Thus the latter recommends that after baptism children should not be permitted to taste food before partaking of the Eucharist, and should not even be nursed except in case of absolute necessity. We find the same in Alcuin's De Afflic., where it is expressly directed that, whenever a bishop is present. Baptism should be immediately followed by confirmation, and then by communion. In the synodal decrees of Walter of Orleans, in the same century, we find that priests are always to have the Eucharist ready, so that if a child should be taken in it should not be in danger of dying without the viaticum. In the 9th century this question of infant communion gave rise to controversies. Thus Paschasius Ratbertus maintained that children dying before communion were not therefore in danger, since by baptism they had already entered into communion with Christ. Still, in the 12th century, we find Radulphus Ardens saying (Hom. in die Paschce de Euchar. necess.) that it is prescribed (statutum) that children should receive communion, at least with the cup, soon after being baptized, so that "they might not be in danger of dying without that necessary sacrament." Hugo of St.Victor also recommends infant communion, where it can take place without danger, but remarks that this custom had already fallen into disuse in his time, the practice only remaining for the priest to give the newly-baptized child a little ordinary wine, instead of the blood of Christ, which practice he condemns. Soon after this, Odo, bishop of Paris, forbade giving children unconsecrated wafers, and thus the custom was lost in the Gallican Church. In Germany traces are to be found of it at a still later period; the thing ended in a mere senseless superstition. The Council of Trent condemns the principle of the necessity of infant communion, saying that the practice arose in the circumstances of the early ages, and that the fathers had sufficient grounds for introducing it in their days, without its being made a necessity of salvation; wherefore the usage could lawfully be altered and dropped (Sess. 21).

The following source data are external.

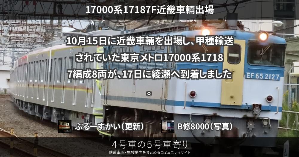 10月15日に近畿車輛を出場し、甲種輸送されていた東京メトロ17000系17187編成8両が、17日に綾瀬へ到着しました。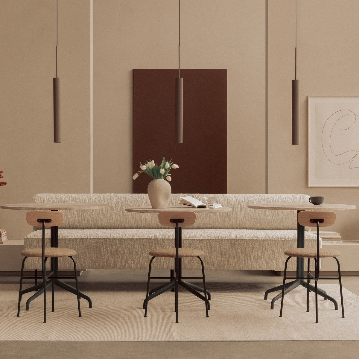 Um die Stabilität und Qualität zu gewährleisten, fertigt Audo den Afteroom Chair aus pulverbeschichtetem Stahl und hochwertigem Holz wahlweise mit Lederbezug.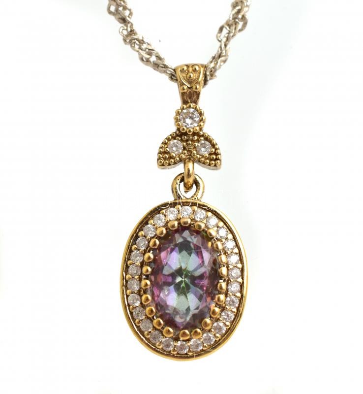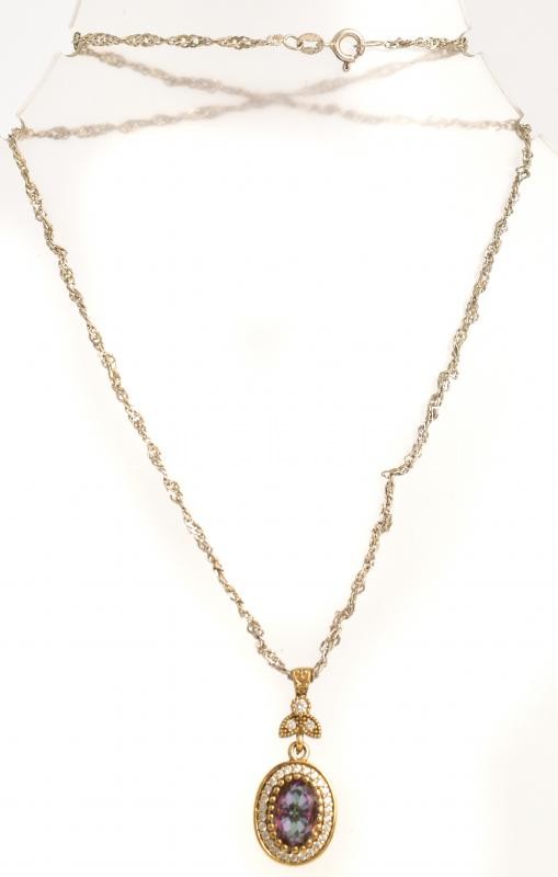 Ezüst(Ag) csavart nyaklánc, köves medállal, jelzett, h: 46 cm, bruttó:...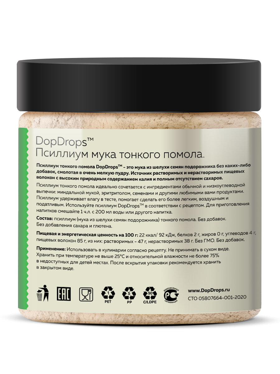 Псиллиум мука DopDrops клетчатка для похудения и очищения 400 г интересное: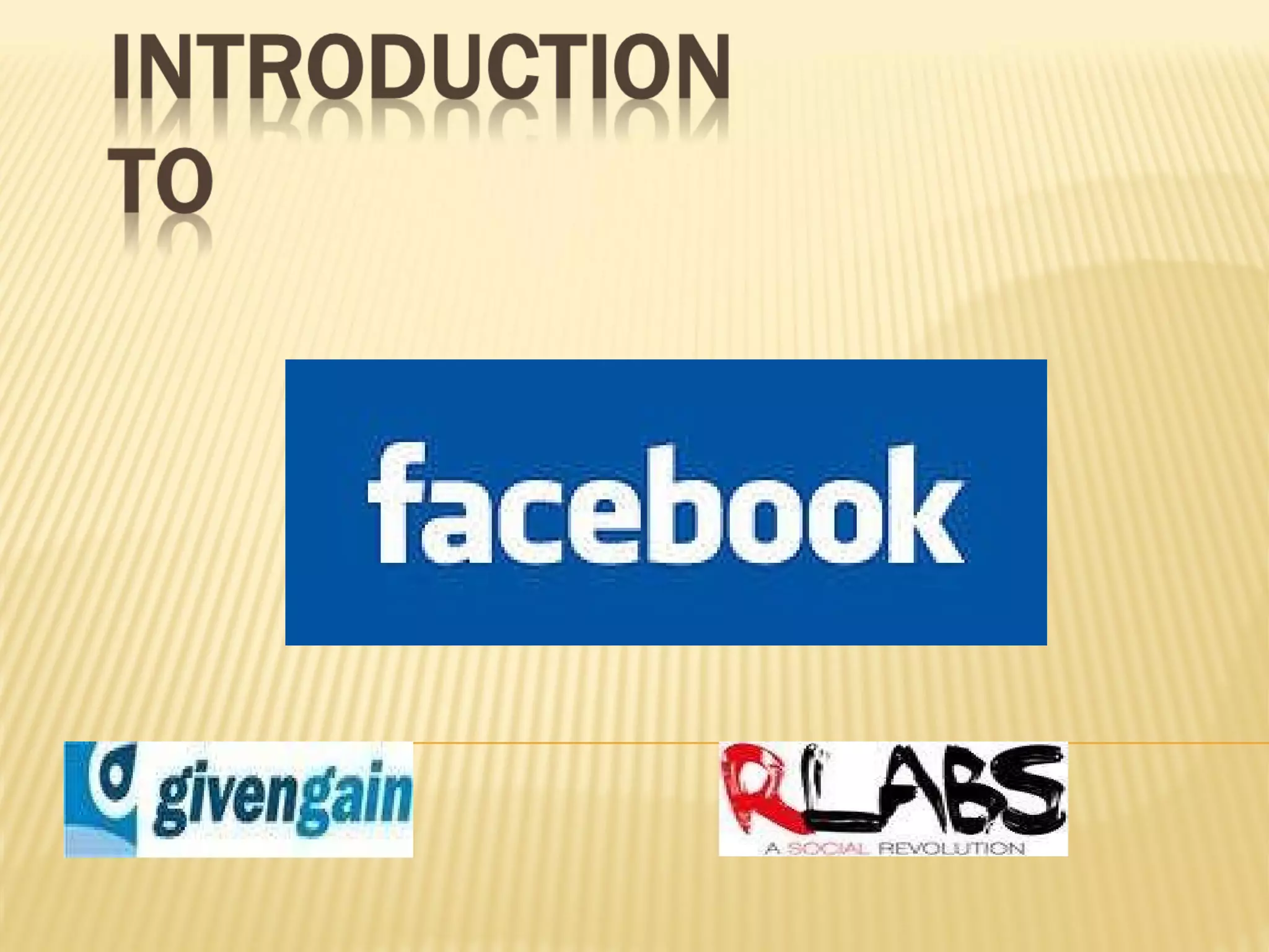 Facebook is the largest social networking site with over 500 million active users. Users can connect with friends, share photos and videos, and access Facebook through mobile devices. While originally focused on college students, its fastest growing demographic is now users over 35 years old. Facebook provides opportunities for organizations to create pages to connect with customers and promote their brand.

In the Greek Church we find passages of some theologians, which in their exposition of the doctrine of baptism would seem to imply that they rejected this necessity of infant communion based on John vi; 53; for they designate the former sacrament, as a purification through the blood of Christ, a partaking of the Lamb of God, etc. Yet infant communion was one of the early practices in that church, as is evident from the fact that in the Apostolic Constitutions (viii, 12) mothers are recommended to bring their children with them to communion, and children are counted among those who partake of the Lord's Supper (viii, 13). (Comp. Stanley, Hist, of the Eastern Church, p. 118,119.) This custom is also defended by Pseudo- Dionysius (Hier. Ecclesiastes 7:11) against the profane, who considered it ridiculous. The Greek Church still upholds infant communion. According to Metophanes Kritopulos (Conf. Ecc. Gr. c. 9), children (βρἐφη ), after they are baptized, should commune whenever their parents do.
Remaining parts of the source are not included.